The method of Claim 12, wherein said step (b) includes forming at least one hole through said carrier layer at or adjacent each corner of said carrier layer.
The method of Claim 14, wherein said step (b) includes forming a plurality of holes through said carrier layer at or adjacent each corner of said carrier layer.
The method of any one of Claims 12 to 15, wherein said carrier layer is made at least partly of a metal, an alloy, and/or a glass-reinforced epoxy laminate material.
The method of any one of Claims 12 to 16, further including a step (d) of filling at least a part of said hole with an adhesive material.
The method of Claim 17, wherein said step (d) includes filling said hole substantially fully with said adhesive material.
The method of any one of Claims 12 to 18, further including a step (e) of filling at least partly of a first space between said first part of said chip module and said first cavity of said first substrate layer with an adhesive material.

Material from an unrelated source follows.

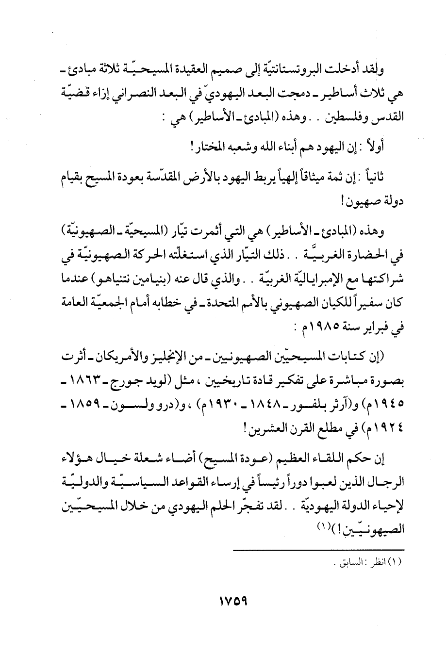 إن حكم اللقاء العظيم (عودة المسيح) أضاء شعلة خيال هؤلاء الرجال الذين لعبوا دوراً رئيساً في إرساء القواعد السياسيّة والدوليّة لإحياء الدولة اليهوديّة .. لقد تفجّر الحلم اليهودي من خلال المسيحيّن الصيهونيّين!) (¬1)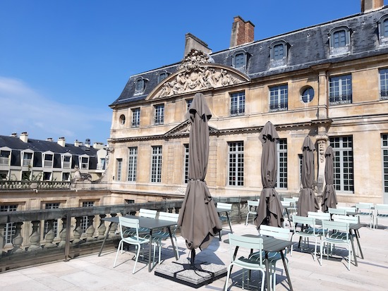 L’escalier et son ruban d’aluminium irisé guident les visiteurs vers un espace café perché au 1er étage du Musée national Picasso-Paris, Le Café sur le toit. Les tonalités et matériaux utilisés – l’ardoise, le bois naturel et laqué blanc – participent à l’ambiance apaisante du lieu. Cet espace café invite à se restaurer dans un cadre agréable. Vous pourrez vous installer à l’intérieur sur des petites tables de bar à tabourets, ou sur la terrasse, magnifique rooftop du Marais qui vous permettra de profiter d’une pause “suspendue” en plein Paris avec vue sur la somptueuse façade de l’Hôtel Salé.

The method of any one of Claims 12 to 19, further including a step (f) of positioning at least a second part of said chip module in a second cavity of a second substrate layer.
The method of any one of Claims 12 to 20, further including a step (g) of filling at least partly of a second space between said second part of said chip module and said second cavity of said second substrate layer with an adhesive material.
The method of any one of Claims 12 to 21, further including a step (h) of covering said first substrate layer with a first outer layer.
The method of Claim 21 or 22, further including a step (i) of covering said second substrate layer with a second outer layer.
The method of Claim 22, further including a step (j) of laminating at least said first substrate layer and said first outer layer to form a chip module card inlay.
The method of Claim 23, further including a step (k) of laminating at least said first substrate layer, said first outer layer and said second outer layer to form a chip module card inlay.
The method of Claim 25, further including a step (l) of laminating at least said first substrate layer, said second substrate layer, said first outer layer and said second outer layer to form said chip module card inlay.
A method of forming an integrated-circuit (IC) module card, including forming a chip module card inlay according to a method of any one of Claims 12 to 26.